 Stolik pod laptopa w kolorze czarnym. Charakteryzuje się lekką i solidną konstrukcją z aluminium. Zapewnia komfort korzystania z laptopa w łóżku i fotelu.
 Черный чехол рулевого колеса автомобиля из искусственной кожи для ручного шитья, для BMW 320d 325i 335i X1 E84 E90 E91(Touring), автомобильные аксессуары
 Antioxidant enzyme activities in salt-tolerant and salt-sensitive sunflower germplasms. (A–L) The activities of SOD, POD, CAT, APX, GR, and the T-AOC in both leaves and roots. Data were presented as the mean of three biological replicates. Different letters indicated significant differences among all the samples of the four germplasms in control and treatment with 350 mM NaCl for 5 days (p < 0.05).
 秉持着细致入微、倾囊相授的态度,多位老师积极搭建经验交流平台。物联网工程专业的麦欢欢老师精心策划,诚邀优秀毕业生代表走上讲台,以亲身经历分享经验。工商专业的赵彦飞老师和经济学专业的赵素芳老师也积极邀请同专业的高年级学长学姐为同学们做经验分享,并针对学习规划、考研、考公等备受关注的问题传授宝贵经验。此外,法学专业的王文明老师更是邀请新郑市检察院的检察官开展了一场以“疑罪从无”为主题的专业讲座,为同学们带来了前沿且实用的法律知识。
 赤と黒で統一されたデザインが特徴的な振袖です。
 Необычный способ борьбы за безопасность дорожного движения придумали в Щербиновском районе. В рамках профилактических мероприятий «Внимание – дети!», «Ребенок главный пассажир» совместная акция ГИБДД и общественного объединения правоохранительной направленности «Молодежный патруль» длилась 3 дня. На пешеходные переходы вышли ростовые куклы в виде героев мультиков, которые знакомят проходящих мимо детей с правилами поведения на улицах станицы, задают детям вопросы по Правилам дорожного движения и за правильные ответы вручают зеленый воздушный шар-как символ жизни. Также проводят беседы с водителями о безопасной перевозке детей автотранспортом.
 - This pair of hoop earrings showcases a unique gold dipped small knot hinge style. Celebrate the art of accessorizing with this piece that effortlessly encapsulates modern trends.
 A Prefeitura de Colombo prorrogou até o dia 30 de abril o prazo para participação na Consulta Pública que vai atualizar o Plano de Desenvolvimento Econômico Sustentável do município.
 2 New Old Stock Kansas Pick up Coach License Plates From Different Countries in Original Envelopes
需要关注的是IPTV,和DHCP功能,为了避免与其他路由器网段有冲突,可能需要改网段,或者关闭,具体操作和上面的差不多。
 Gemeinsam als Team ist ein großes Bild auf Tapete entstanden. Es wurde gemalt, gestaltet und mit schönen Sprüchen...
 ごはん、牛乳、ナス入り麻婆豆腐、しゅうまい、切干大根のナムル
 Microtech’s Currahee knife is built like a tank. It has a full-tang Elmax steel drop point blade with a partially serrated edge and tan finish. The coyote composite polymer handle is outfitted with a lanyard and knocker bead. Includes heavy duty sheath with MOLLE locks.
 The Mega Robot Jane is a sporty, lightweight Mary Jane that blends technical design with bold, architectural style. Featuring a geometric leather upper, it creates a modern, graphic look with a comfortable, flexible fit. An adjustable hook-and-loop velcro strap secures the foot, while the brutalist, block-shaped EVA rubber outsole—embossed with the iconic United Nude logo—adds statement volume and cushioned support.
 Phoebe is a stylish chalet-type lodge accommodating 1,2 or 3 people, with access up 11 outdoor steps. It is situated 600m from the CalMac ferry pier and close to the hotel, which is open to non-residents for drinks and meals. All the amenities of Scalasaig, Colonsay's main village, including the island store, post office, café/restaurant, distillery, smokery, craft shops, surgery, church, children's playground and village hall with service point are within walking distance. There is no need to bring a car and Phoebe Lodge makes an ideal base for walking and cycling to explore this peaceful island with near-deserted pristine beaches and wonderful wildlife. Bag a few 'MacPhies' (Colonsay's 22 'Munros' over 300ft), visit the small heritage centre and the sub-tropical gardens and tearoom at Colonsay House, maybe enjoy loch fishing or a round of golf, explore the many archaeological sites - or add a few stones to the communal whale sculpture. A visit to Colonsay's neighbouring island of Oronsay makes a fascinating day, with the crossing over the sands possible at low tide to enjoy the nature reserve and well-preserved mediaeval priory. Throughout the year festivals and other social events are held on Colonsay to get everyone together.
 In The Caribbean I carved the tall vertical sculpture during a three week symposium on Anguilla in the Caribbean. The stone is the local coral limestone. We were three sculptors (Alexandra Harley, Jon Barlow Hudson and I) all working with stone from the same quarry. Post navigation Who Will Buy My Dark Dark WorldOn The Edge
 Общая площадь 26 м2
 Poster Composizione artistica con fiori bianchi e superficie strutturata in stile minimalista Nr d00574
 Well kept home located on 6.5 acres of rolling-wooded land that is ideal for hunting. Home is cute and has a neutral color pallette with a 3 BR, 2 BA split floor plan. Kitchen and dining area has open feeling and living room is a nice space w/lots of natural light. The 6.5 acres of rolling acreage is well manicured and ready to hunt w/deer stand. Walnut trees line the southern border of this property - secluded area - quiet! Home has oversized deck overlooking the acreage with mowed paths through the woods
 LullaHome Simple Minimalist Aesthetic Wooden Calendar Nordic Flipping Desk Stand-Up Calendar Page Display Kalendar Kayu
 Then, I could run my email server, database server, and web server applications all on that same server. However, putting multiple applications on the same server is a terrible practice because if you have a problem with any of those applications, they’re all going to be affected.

====

▶ _INSTRUCTIONS TO FOLLOW_: Could you show every line of the material that includes the string "same"?

▶ _YOUR RESPONSE_:
 In The Caribbean I carved the tall vertical sculpture during a three week symposium on Anguilla in the Caribbean. The stone is the local coral limestone. We were three sculptors (Alexandra Harley, Jon Barlow Hudson and I) all working with stone from the same quarry. Post navigation Who Will Buy My Dark Dark WorldOn The Edge
 Then, I could run my email server, database server, and web server applications all on that same server. However, putting multiple applications on the same server is a terrible practice because if you have a problem with any of those applications, they’re all going to be affected.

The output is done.